3. Como é a preparação destes atores que surpreendem, a coordenação técnica, muitos ensaios?

RESPOSTA

 Busco sempre trabalhar com atores de formação teatral sólida. É uma segurança e um conforto. Antes das filmagens fazemos um trabalho de mesa, com no teatro. Eu preciso ouvir os diálogos que escrevi na boca dos atores; nesse momento - e não na hora da filmagem - posso mudar todo o diálogo. Nem sempre o que está no papel funciona na boca de quem o interpreta. Aí vale o truísmo: bons atores não dão palpite, dão subsídio. No entanto, acho que o segredo é a escolha certa; por isso, os testes são fundamentais. Os primeiros testes são sempre feitos só com os assistentes, porque uma simpatia ocasional pode redundar num erro incontornável. Levo este primeiro material para casa, assisto dezenas de vezes e mostro para minha mulher e minha filha. Foi minha mulher quem me fez escolher a genial Vera Mancini, a bêbada de GAROTAS DO ABC. Faço os testes finais, tentando - aí sim - definir detalhes da personificação. Quando a produção permite, gosto de trabalhar com preparadores de elenco. Mas nunca durante as filmagens. Aprendi, depois de ter feito a fotografia de mais de 20 longas metragens, que o ator só pode olhar para uma única pessoa, após o grito de "corta!": o diretor. Como maestro, o diretor é a única anuência possível. Cabe ao diretor extrair o zênite do talento de seus atores. Joseph Mankiewicz, um dos melhores diretores de ator da história, afirmava que - na hora da filmagem - só o ator importava, que todo o aparato e as duzentas pessoas trabalhando ao redor desapareciam como sombras.
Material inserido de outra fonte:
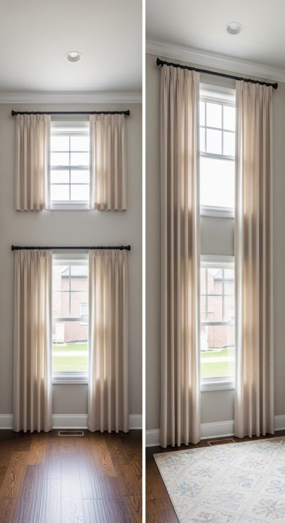 No other single decorating change — not a new rug, not fresh cushions, not a gallery wall — produces as immediate and dramatic a visual impact as moving curtain rods from just-above-the-window to ceiling height.
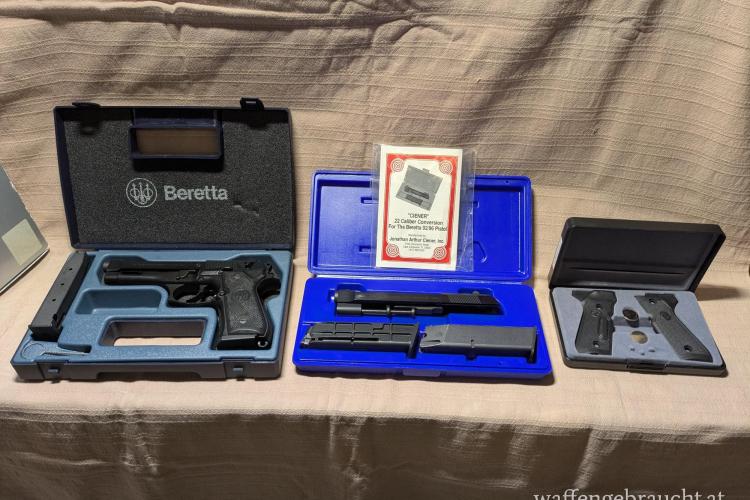 Verkaufe eine gepflegte Beretta 92FS, Kaliber 9mm Luger inkl. 22lr Conversion Kit von Arthur Ciener und Laser Griffschalen von Crimson Trace.
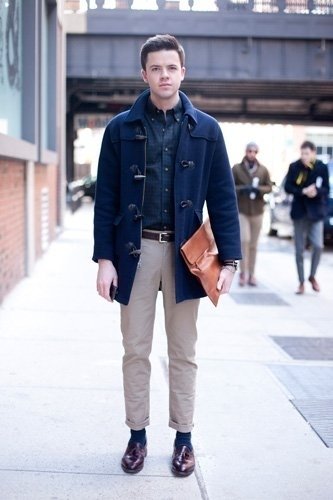 네이비 더블코트 + 녹색체크셔츠 + 베이지 슬렉스 + 양말 + 워커
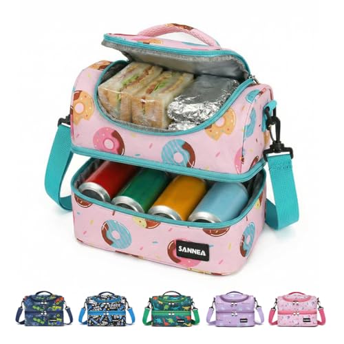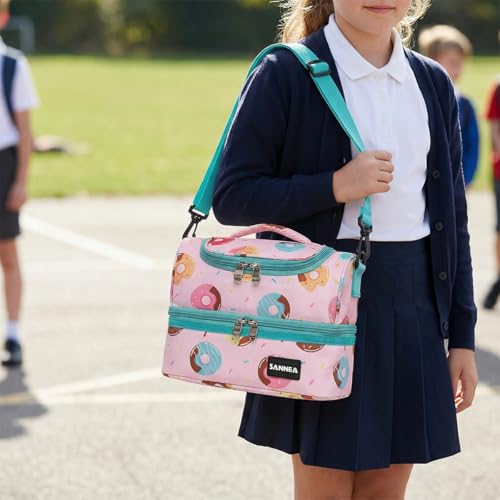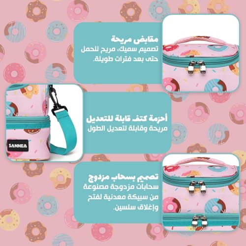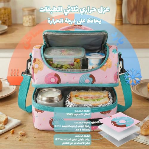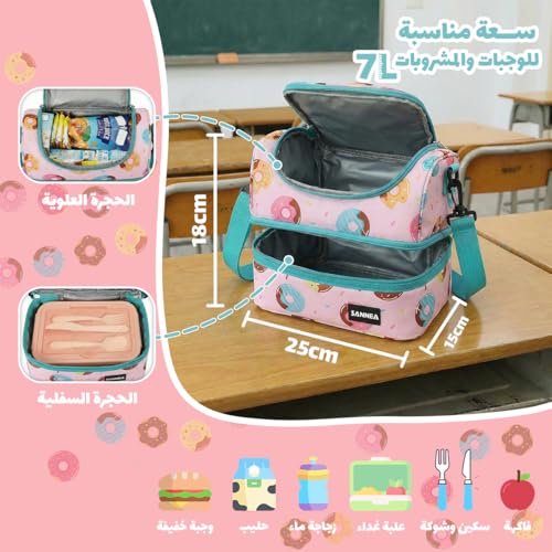 Generic - شنطة غداء معزولة سعة 7 لتر، مبرد حراري مع قسمين، حامل صندوق غداء مقاوم للتسرب ومقاوم للماء، شنطة تخزين وجبات قابلة لاعادة الاستخدام للعمل والمدرسة والنزهات والسفر BB-541 (زهري واخضر)
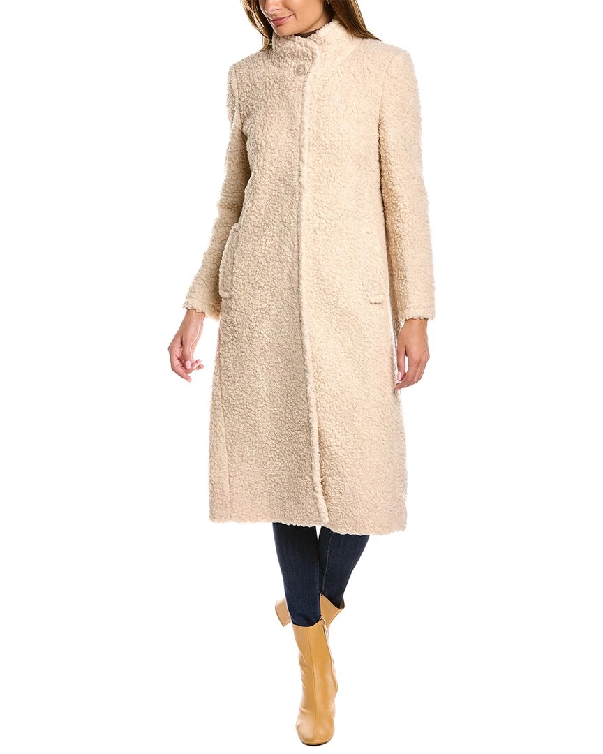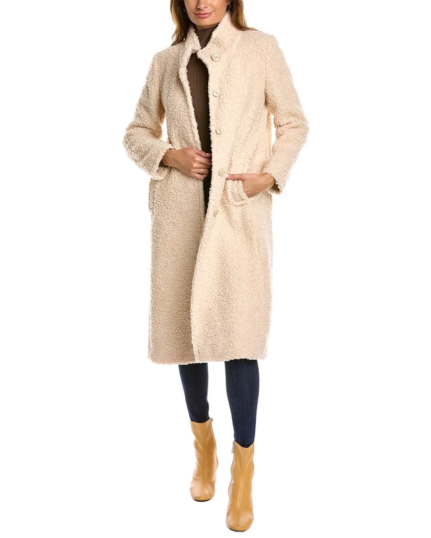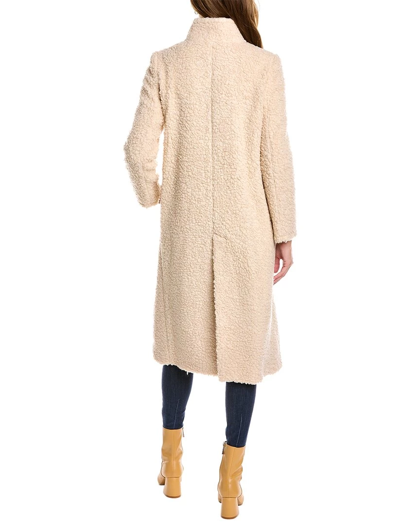 - Wool-Blend Teddy Coat In White With Stand-Up Collar, Front Slip Pockets, And Center Vent At Back Hem
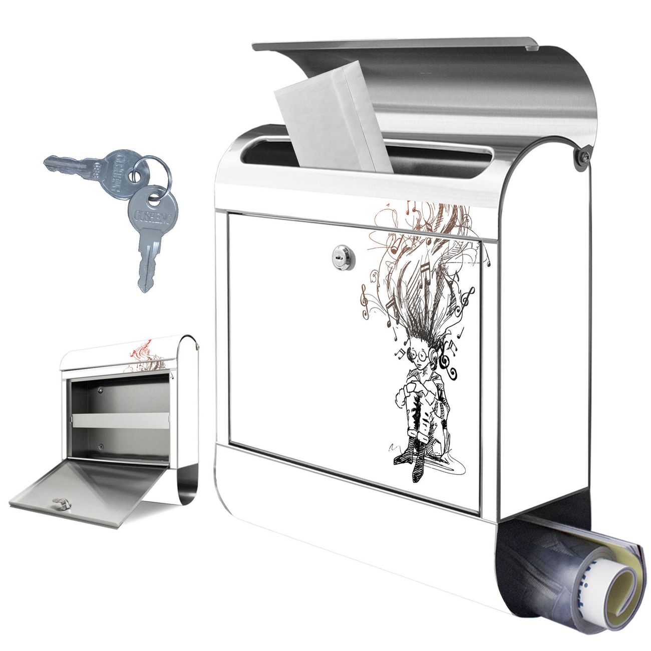 Wandbriefkasten Edelstahl Motiv Musikträume Illustration
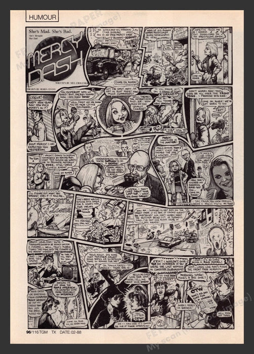 1988 U.K. Exclusive "Mercy Dash" Paula Byrne Short Comic Print Ad
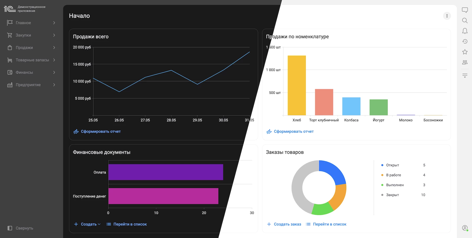 Цветовая гамма 1С:Предприятие станет в нейтральных серых тонах. Многие любят работать в полумраке, вечерами, когда яркий экран компьютера вреден для глаз. Теперь при работе с 1С можно будет использовать также темную тему интерфейса. Это очень полезное нововведение.
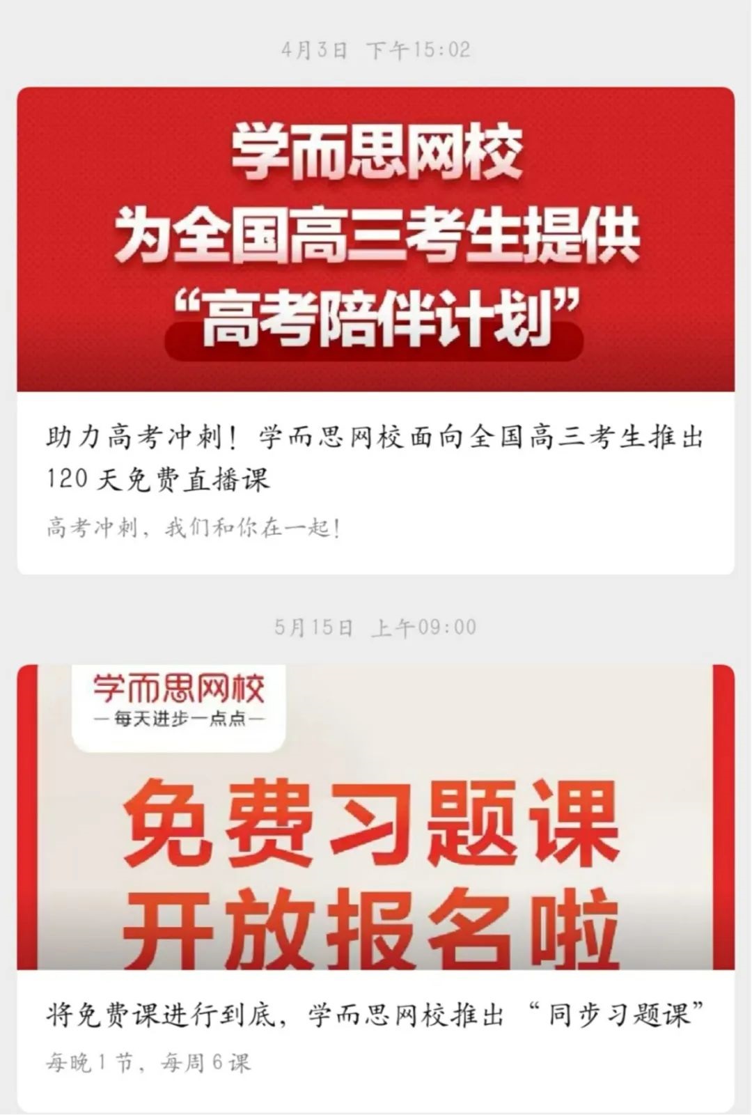 記者注意到,學(xué)而思網(wǎng)校在 4 月 3 日通過官方微信宣布面向高三學(xué)生推出 120 天免費直播課。緊接著,5 月 15 日又再次宣布 “將免費課進(jìn)行到底”,每周一到周六每天晚上開設(shè) 40 分鐘的同步習(xí)題課,覆蓋小學(xué)一年級到初中三年級。

4. Em "Falsa Loura" o clima quase extra terrestre/corpóreo que a luz e o movimento me induziram, como o estar num mundo paralelo, numa twilight zone, como o da Venus de Botticelli no momento de consciência de si quando retorna na seqüência final. Isso estava previsto no roteiro?

RESPOSTA

 Sim e não. Como disse acima, o que estava no papel funcionava como mapa, que a rota só era definida na hora, seja na filmagem, na montagem ou no acabamento. Algumas seqüências como a da piscina, onde a protagonista dança com o ídolo, foi construída com muita antecedência; já o passeio pelo Haras - de dia - estava apenas esboçado no papel. O espaço cenográfico, o aparato técnico e a forma de andar dos atores me fizeram decupar a cena na hora da filmagem. O desfecho, apesar de todo o extenuante trabalho de filmagem e produção, só foi definido durante a montagem. O filme não terminava ali. Havia o calvário da protagonista em câmera lenta, mas a conclusão arremessava o individual para o coletivo, e o filme deveria terminar com todas as operárias em cena, num apêndice quase surrealista. Isso foi filmado e pré-montado. Eu e a montadora Cristina Amaral mudamos tudo no corte final. Em respeito à protagonista e a dignidade emprestada por sua intérprete. Para esta decisão radical foi essencial uma opinião - sem compromisso - emitida pela minha filha, grávida de oito meses. Mulheres grávidas são iluminadas por natureza e em filmes que tratem de personagens femininos deveríamos ouvi-las com atenção.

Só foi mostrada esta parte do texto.